[Work to complete] Of all the lines below, return only those starting with the line holding "Hermann Hesse regrette" and going on through the line holding "USB 2.0 Type-A", exactly as written.

[Provided data]
[Start of Attachment]

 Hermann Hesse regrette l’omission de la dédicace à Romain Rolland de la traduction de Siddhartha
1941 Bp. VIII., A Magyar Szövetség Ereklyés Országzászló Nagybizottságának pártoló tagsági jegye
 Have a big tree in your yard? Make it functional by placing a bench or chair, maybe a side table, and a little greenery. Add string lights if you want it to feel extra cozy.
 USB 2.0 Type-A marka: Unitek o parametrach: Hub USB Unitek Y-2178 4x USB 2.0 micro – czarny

[End of Attachment]
[Start of Attachment]

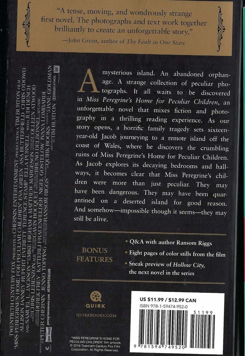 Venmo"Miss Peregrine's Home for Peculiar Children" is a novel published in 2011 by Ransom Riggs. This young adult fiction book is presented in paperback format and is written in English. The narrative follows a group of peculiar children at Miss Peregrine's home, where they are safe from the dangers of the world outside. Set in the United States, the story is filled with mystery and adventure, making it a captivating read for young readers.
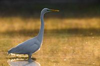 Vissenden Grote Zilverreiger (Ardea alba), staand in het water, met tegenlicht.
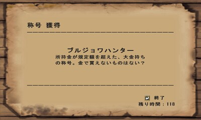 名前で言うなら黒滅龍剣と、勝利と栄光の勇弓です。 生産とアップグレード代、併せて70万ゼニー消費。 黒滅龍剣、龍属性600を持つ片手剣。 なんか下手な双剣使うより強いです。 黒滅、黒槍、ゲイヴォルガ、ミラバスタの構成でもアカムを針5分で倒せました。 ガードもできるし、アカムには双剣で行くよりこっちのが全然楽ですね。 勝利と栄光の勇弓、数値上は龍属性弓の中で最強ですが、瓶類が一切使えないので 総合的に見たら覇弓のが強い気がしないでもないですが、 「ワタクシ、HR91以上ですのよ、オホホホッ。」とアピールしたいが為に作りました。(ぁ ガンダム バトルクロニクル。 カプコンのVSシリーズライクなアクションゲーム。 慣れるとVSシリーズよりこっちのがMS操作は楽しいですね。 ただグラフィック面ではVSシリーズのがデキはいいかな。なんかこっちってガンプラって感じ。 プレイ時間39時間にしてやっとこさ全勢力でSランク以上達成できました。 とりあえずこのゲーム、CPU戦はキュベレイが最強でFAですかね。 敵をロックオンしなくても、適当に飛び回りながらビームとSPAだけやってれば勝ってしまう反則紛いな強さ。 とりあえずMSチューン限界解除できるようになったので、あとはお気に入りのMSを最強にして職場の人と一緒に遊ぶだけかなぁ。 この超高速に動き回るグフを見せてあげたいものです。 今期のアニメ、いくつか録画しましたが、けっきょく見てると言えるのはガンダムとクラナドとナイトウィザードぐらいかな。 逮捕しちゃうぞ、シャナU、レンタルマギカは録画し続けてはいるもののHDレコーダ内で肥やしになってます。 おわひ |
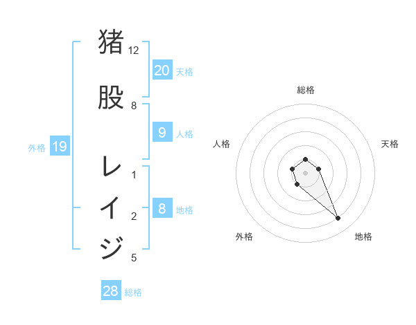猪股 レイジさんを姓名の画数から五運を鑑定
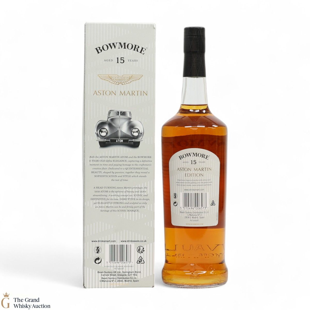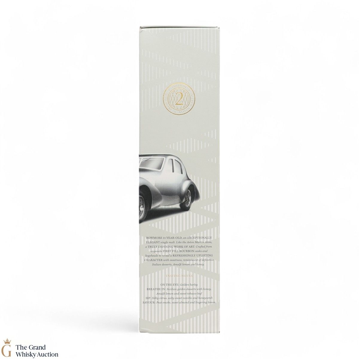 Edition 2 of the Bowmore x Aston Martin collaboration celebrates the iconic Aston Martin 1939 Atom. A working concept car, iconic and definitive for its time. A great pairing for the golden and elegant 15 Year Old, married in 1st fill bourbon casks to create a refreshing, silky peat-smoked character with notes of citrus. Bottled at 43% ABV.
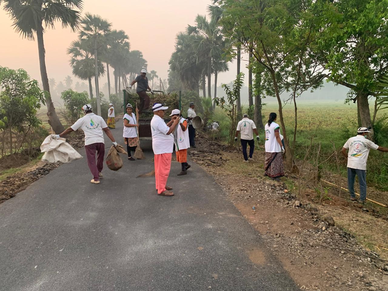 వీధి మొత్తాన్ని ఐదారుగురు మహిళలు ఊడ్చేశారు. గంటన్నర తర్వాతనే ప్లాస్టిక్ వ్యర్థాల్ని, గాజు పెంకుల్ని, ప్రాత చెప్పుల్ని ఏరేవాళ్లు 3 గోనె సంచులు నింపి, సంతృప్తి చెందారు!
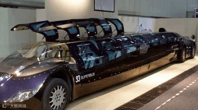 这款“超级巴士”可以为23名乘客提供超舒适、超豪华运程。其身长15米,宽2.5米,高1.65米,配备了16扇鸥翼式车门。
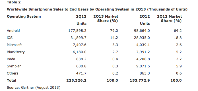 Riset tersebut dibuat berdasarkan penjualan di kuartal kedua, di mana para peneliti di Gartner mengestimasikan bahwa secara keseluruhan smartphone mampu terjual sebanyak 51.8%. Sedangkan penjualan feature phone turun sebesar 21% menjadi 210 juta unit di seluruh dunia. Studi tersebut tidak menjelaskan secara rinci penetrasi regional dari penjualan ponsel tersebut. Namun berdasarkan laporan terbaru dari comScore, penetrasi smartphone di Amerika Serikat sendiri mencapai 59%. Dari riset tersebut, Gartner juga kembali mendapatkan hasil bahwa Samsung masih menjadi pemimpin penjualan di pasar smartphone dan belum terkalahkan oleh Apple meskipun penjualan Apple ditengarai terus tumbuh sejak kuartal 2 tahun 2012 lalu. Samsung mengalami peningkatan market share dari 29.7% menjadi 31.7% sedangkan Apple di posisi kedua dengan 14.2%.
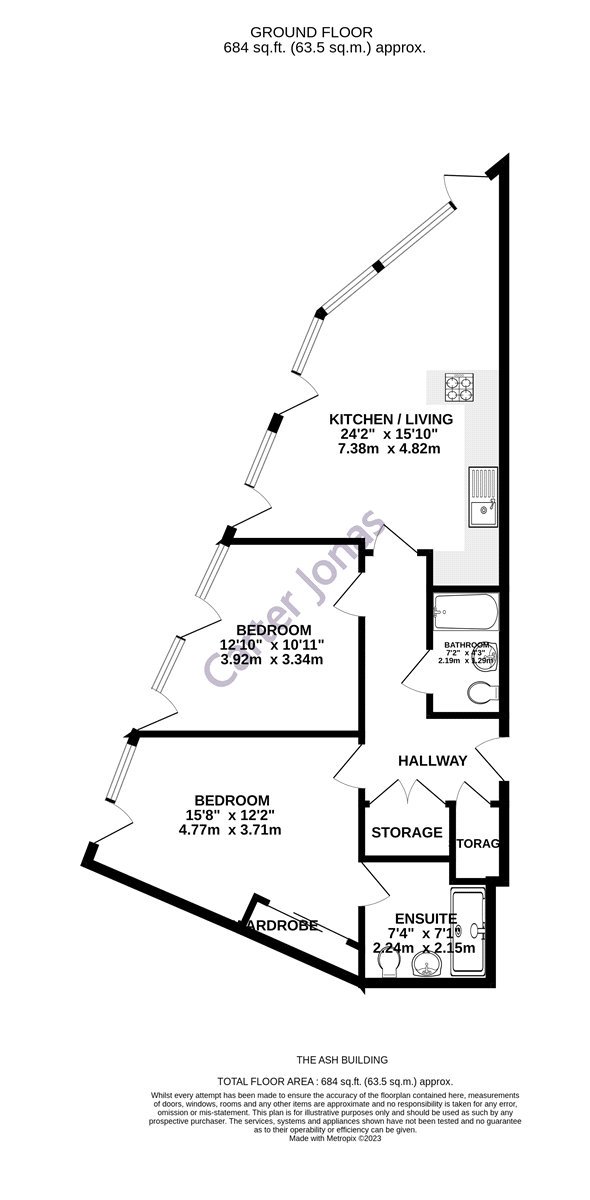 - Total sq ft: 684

[End of Attachment]
[Start of Attachment]

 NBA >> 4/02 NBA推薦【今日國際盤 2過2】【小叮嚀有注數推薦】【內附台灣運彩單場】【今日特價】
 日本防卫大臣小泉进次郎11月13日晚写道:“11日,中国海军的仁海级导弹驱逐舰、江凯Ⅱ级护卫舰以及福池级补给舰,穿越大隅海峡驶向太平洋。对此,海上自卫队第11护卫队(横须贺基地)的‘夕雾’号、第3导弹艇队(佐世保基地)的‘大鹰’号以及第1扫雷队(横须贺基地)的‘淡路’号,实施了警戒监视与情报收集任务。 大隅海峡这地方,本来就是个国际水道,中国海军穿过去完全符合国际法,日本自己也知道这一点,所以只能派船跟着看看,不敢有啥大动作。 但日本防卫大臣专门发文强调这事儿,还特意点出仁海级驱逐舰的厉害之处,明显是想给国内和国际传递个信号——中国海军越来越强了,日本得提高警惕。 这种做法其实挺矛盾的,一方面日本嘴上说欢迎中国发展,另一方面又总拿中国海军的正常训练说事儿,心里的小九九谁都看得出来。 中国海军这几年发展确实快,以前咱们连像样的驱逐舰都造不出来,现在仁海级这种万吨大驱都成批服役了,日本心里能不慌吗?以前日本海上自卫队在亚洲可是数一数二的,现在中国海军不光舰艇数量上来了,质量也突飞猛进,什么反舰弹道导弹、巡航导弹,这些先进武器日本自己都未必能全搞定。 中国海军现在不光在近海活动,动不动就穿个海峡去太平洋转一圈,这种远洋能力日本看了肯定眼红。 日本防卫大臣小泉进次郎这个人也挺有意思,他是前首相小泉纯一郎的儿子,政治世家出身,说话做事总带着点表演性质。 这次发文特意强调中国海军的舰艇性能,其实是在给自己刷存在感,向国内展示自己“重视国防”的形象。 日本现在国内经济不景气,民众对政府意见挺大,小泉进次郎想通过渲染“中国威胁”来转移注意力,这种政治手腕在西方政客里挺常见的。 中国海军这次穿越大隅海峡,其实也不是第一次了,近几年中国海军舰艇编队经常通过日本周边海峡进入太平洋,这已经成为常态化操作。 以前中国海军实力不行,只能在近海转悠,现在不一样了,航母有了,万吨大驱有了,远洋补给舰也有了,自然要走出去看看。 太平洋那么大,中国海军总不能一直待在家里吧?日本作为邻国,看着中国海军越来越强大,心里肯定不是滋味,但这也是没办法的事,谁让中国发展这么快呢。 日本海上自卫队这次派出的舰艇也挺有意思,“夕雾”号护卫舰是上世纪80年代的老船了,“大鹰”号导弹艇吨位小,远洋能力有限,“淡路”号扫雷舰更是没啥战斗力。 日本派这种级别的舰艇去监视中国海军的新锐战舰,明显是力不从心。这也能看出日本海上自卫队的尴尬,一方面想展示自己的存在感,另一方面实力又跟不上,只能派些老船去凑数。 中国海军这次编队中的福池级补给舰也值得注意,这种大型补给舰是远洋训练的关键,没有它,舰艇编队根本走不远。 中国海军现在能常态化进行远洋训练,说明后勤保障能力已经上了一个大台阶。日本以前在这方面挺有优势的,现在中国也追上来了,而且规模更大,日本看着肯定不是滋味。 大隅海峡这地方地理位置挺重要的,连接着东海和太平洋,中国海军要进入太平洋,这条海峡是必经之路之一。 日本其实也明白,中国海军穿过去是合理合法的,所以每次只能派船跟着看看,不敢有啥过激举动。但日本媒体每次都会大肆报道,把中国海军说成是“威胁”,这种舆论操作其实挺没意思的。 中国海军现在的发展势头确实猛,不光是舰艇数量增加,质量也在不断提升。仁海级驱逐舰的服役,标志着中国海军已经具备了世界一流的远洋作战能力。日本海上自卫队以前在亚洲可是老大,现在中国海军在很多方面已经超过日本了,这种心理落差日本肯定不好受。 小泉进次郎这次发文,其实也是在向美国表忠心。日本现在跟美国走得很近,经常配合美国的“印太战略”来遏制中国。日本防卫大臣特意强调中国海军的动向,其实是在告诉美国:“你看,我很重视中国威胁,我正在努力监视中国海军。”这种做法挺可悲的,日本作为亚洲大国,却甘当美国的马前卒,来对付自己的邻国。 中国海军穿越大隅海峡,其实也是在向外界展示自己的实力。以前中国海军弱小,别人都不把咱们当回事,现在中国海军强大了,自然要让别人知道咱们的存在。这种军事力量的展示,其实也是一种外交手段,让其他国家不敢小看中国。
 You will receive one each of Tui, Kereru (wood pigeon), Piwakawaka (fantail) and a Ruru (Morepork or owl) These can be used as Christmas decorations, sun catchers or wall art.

[End of Attachment]

[Exercise result]
 Hermann Hesse regrette l’omission de la dédicace à Romain Rolland de la traduction de Siddhartha
1941 Bp. VIII., A Magyar Szövetség Ereklyés Országzászló Nagybizottságának pártoló tagsági jegye
 Have a big tree in your yard? Make it functional by placing a bench or chair, maybe a side table, and a little greenery. Add string lights if you want it to feel extra cozy.
 USB 2.0 Type-A marka: Unitek o parametrach: Hub USB Unitek Y-2178 4x USB 2.0 micro – czarny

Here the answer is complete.